Loomis, Inc. v. Cudahy

Decision Date01 October 1982
Docket NumberNo. 13291,13291
CourtIdaho Supreme Court
PartiesLOOMIS, INC., Plaintiff, v. Audrie B. CUDAHY, Defendant, Counter-Claimant, Third Party Plaintiff-Appellant, v. John R. SMITH, Third Party Defendant-Respondent, and Ronald W. Liese; Liese & Associates Insurance, Inc., an Idaho Corporation; and United Pacific Insurance Co., a Washington Corporation, Third Party Defendants. Ronald W. LIESE and Liese & Associates Insurance, Inc., an Idaho Corporation, Cross-Claimants, v. John R. SMITH and United Pacific Insurance Co., a Washington Corporation, Cross-Defendants.

Edward A. Lawson, Ketchum, and Robert Nord, Chicago, Ill., for defendant, counter claimant, third party plaintiff-appellant.

Terry G. Hogue, Ketchum, for third party defendant-respondent.

DONALDSON, Justice.

A contract was entered into between the appellant-third party plaintiff Audrie B. Cudahy and the respondent-third party defendant John R. Smith on February 2, 1976. Smith was to perform for compensation by Cudahy services as an architect in the construction of a single-family dwelling. The contract contained an arbitration clause. 1 It also recited that the house would be built on a particular lot, but in fact the house was built on a different lot. Upon Smith's recommendation, Cudahy entered into a construction contract with a contractor. A performance bond was issued by Ronald W. Liese and Liese & Associates Insurance, Inc. purportedly as agents for United Pacific Insurance Company. The contractor defaulted and another contractor Loomis came in and contracted with Liese to complete the house on a time and materials basis. When his final bill of approximately $14,000.00 was not paid, Loomis filed a mechanic's lien against the property and later filed an action to foreclose on the claim of lien against Cudahy. In turn, Cudahy filed a third-party complaint against Smith and others. A default judgment was entered against Smith which later was set aside.

Pursuant to the provisions of I.C. § 7-902(a) an evidentiary hearing was held on December 2, 1977, before the district court to determine whether a valid agreement to arbitrate existed between the parties. After reviewing briefs and considering the oral testimony presented by Cudahy, the district court ordered the parties to proceed to arbitration.
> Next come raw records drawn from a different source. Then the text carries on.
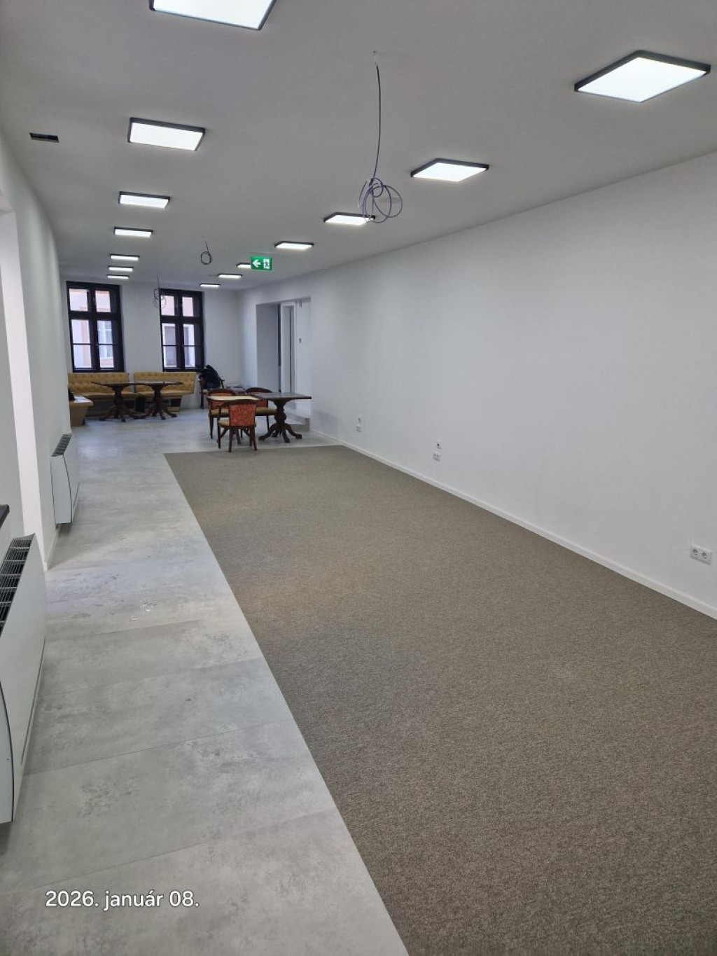 Az ingatlan az épület első emeletén található, amely két nagyobb területű részből áll. Ezen felül kialaításra kerüllt egy vezetői iroda, teakonyha, valamint külön női és férfi mosdók.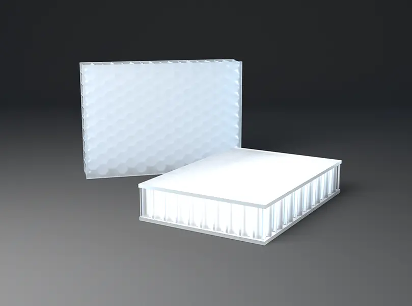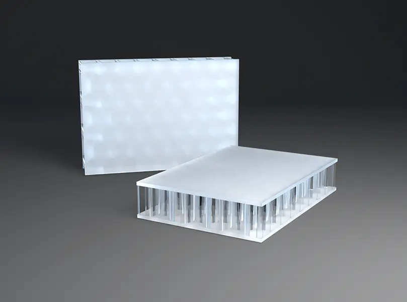 | AIR-board® ECO satin opal white | 7.5 x 10-5 | -30 to +80 / -22 to 176 | 3mm PMMA | 27% |
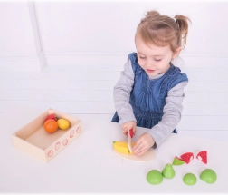 Realistické prkénko a dřevěný nůž podporují hru na kuchaře bez rizika. Dílky ovoce drží pohromadě a při krájení se snadno oddělí.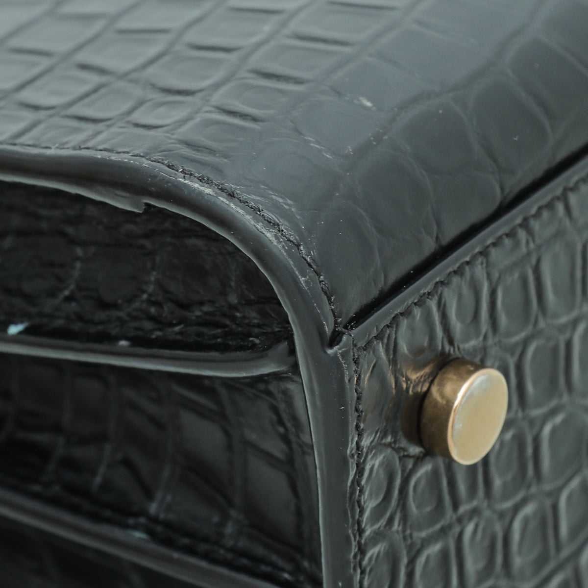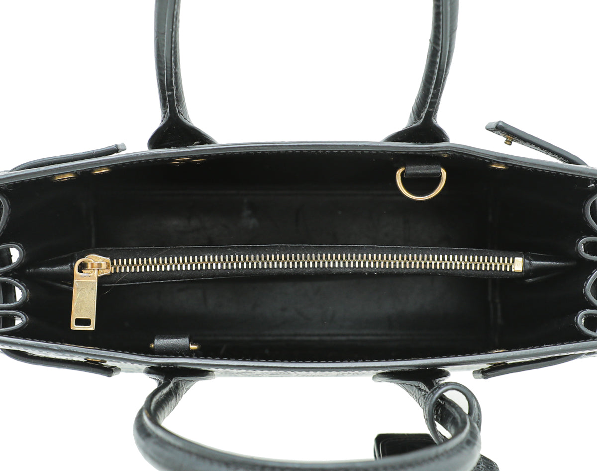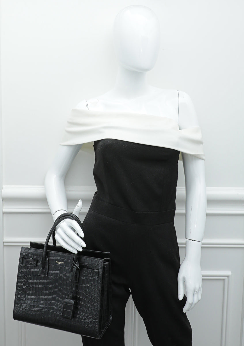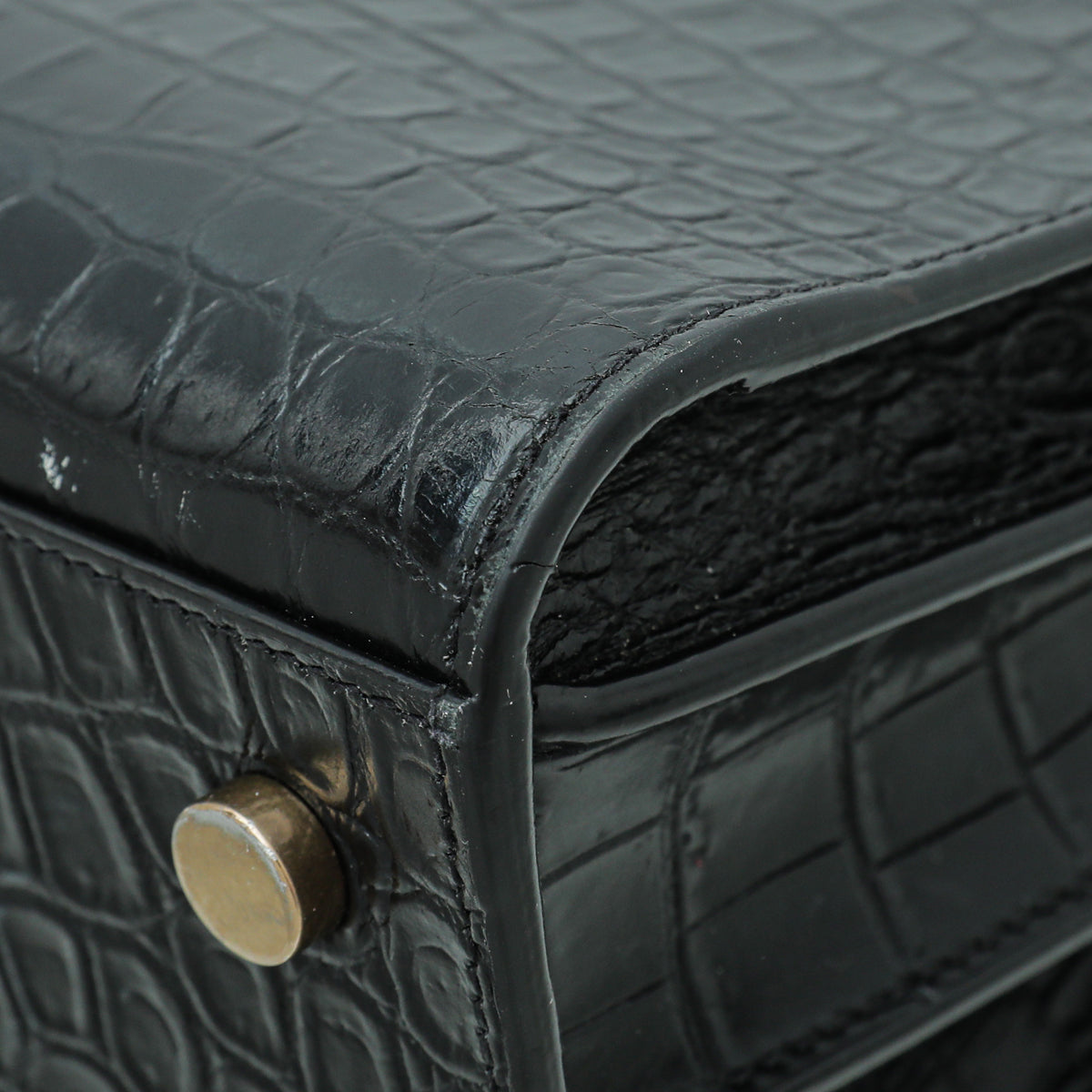 YSL Black Baby Croc Embossed Sac De Jour Bag
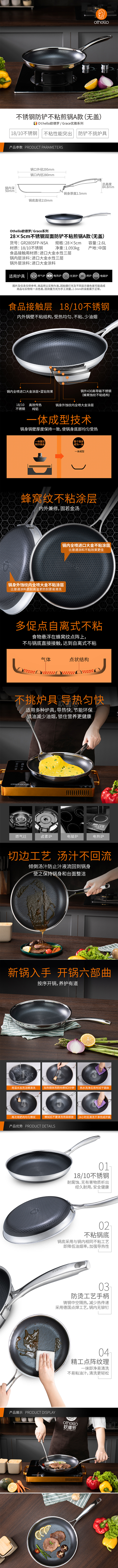 欧德罗28cm不锈钢双面防铲不粘煎锅 【无盖】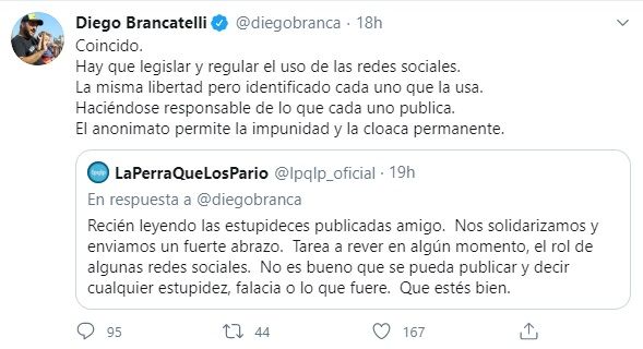 "Hay que legislar y regular el uso de las redes sociales. La misma libertad pero identificado cada uno que la usa. Haciéndose responsable de lo que cada uno publica. El anonimato permite la impunidad y la cloaca permanente", amplió Diego.
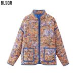 Amazon European and American cross-border women’s clothing printing color matching large pocket stand collar quilted cotton-padded coat women’s D15770
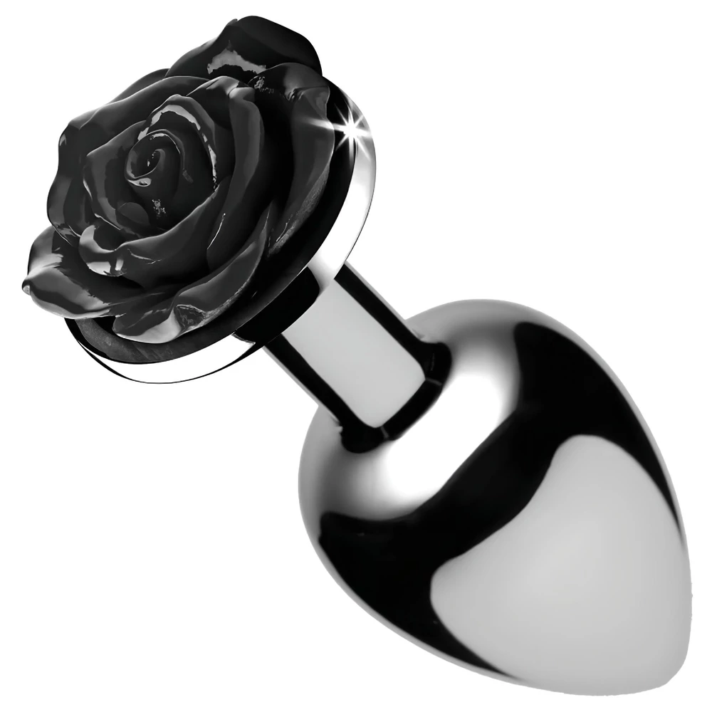 Booty Sparks Black Rose - alumínium anál plug (ezüst-fekete)

Cudahy sought certified interlocutory review of this order which was denied by this Court on February 3, 1978.

Pursuant to a district court order, the American Arbitration Association (AAA) was appointed to arbitrate the dispute. In August 1978, Cudahy filed a motion to dismiss arbitration with the AAA which was forwarded to the arbitrator. The AAA gave notice dated October 10, 1978, that the arbitration hearing would be held on December 4, 1978. The arbitrator by letter dated November 14, 1978, informed the AAA that the parties had agreed to reschedule the hearing to December 5, 1978. The AAA gave notice dated November 17, 1978, of the new hearing date. Cudahy's counsel sought by letter dated November 16, 1978, a continuance until February 1979 due to alleged personal problems which made Cudahy unavailable for the scheduled After receiving cross-motions to confirm or vacate, the district court confirmed the arbitration award and later denied Cudahy's motion for reconsideration of the confirming order. Cudahy appeals. We affirm.
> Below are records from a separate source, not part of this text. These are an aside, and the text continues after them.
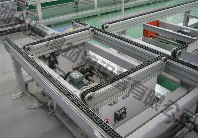 頂升移行機(jī),其結(jié)構(gòu)主要由滑撬、頂升框架、頂升連桿機(jī)構(gòu)、頂升電機(jī)、移行雙鏈、移行電機(jī)組成,滑撬放置在移行雙鏈上,移行雙鏈固定在頂升框架上,頂升電機(jī)通過頂升連桿機(jī)構(gòu)與頂升框架依次連接成一個整體,移行電機(jī)固定在移行雙鏈的一側(cè)。優(yōu)點:具有較強(qiáng)的靈活性和互換性;用連桿機(jī)構(gòu)代替常用的鏈傳動結(jié)構(gòu),使傳動鏈更加簡潔,可有效提高傳動效率、降低運(yùn)行噪音。頂升電機(jī)提供設(shè)備頂升的動力,無需用氣。簡化車間管路和氣源點的布置;移行雙鏈起輸送滑撬的作用,它能夠?qū)⒒似椒€(wěn)移行到其它設(shè)備上;移行電機(jī)給移行雙鏈提供所需的動力,以實現(xiàn)滑撬的移行過渡;可通過電氣檢測開關(guān)檢測轉(zhuǎn)臂的不同位置來實現(xiàn)頂升機(jī)構(gòu)的到位檢測,無需再安裝輔助的發(fā)號裝置。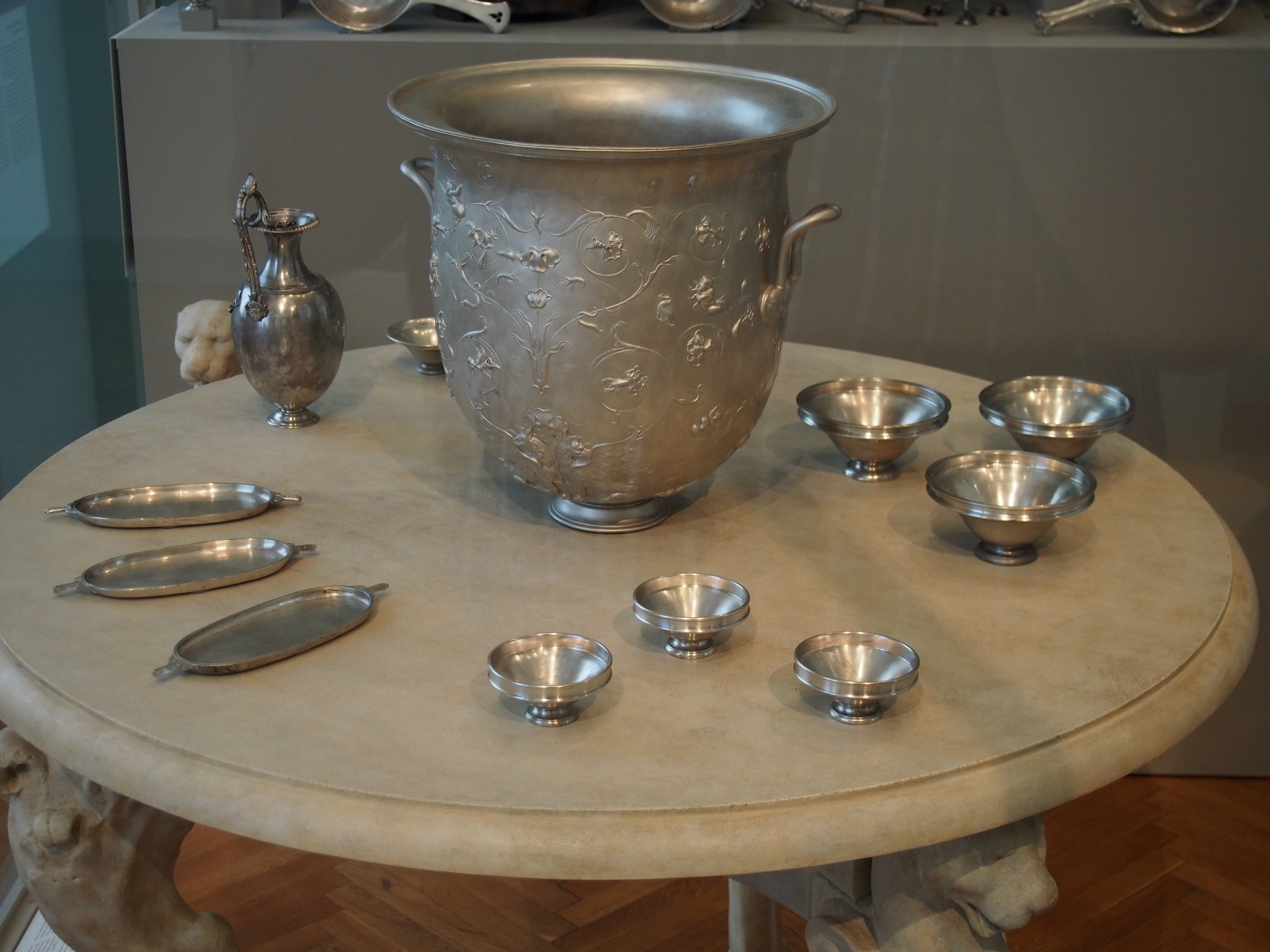 Looking suitably neoclassical.Greek (Corinthian) style Hoplite Helmet of the 5th century BC (or so)Ever wonder how to keep clean without soap? This is the Roman solution – the small silver pot is for olive oil and the silver rod with the curved end is astrigil (‘scraper’). You go to a Roman Bath and work up a sweat to open up the pores and then you cover yourself with olive oil to soak up the dirt and unwanted bodily oils and then you use the strigil to scrape it all off. Simple? Not really – it was notoriously difficult to impossible to do it effectively by yourself and you either had to have a slave/servant of your own or a hired slave/servant at the Baths assist you (doing your back, for example).Classical Greek? Hellenistic? Byzantine? Heck, I forget – nice work though!Reconstruction of a famous (lost) statue pair of two gods armed and equipped (but not armoured) as Hoplites. Like all classical graeco-roman statues they are painted in lifelike colours.A selection of table silver from one of the several large finds from the late Roman period – hidden during the invasions/collapse and never recovered.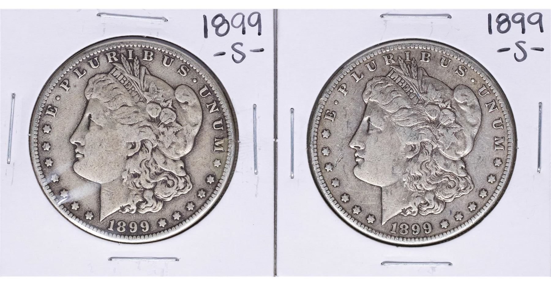One Lot of (2) 1899-S $1 Morgan Silver Dollar Coins.

[104 Idaho 108] hearing. Later, Cudahy's counsel made a formal request for postponement dated December 4, 1978, which was mailed and also hand delivered to the arbitrator and Smith's counsel. On December 5, 1978, after reviewing the request, the arbitrator denied it and proceeded with the hearing. After the denial, Cudahy's counsel left the hearing without presenting any evidence. The arbitrator rendered an award on December 20, 1978, which denied the claims of both parties. 2

Appellant Cudahy first contends that no ruling was ever made on the question of whether or not the agreement to arbitrate was valid and enforceable. This contention is without merit as the record clearly reveals that after a hearing was conducted pursuant to I.C. § 7-902(a), the district court found a valid and enforceable agreement to arbitrate.
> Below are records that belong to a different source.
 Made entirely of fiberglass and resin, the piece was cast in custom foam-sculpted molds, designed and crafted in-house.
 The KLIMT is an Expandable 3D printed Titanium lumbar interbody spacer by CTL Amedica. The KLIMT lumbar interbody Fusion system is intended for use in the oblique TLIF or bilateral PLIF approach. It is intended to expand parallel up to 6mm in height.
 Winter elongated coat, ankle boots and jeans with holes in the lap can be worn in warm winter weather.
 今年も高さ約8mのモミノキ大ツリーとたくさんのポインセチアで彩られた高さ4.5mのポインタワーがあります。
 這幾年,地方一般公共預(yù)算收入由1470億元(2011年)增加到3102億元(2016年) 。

Under I.C. § 7-901 "a provision in a written contract to submit to arbitration any controversy thereafter arising between the parties is valid, enforceable and irrevocable, save upon such grounds as exist at law or in equity for the revocation of any contract." This provision together with the following sections comprises the Idaho Uniform Arbitration Act as enacted by our legislature in 1975. By passage of the act, our legislature has aligned Idaho with the majority of jurisdictions which have adopted the Uniform Arbitration Act. Under the act arbitration and agreements to arbitrate are encouraged and given explicit recognition as effective means to resolve disputed issues. 3 Arbitration generally offers an inexpensive and rapid alternative to prolonged litigation. 4 It also serves to alleviate crowded court dockets. Since our own sparse array of arbitration caselaw evolved before our legislature enacted the Uniform Arbitration Act as promulgated by the National Conference of Commissioners on Uniform State laws, it is necessary for us to look for possible edification and guidance among the courts of our sister states and the federal system.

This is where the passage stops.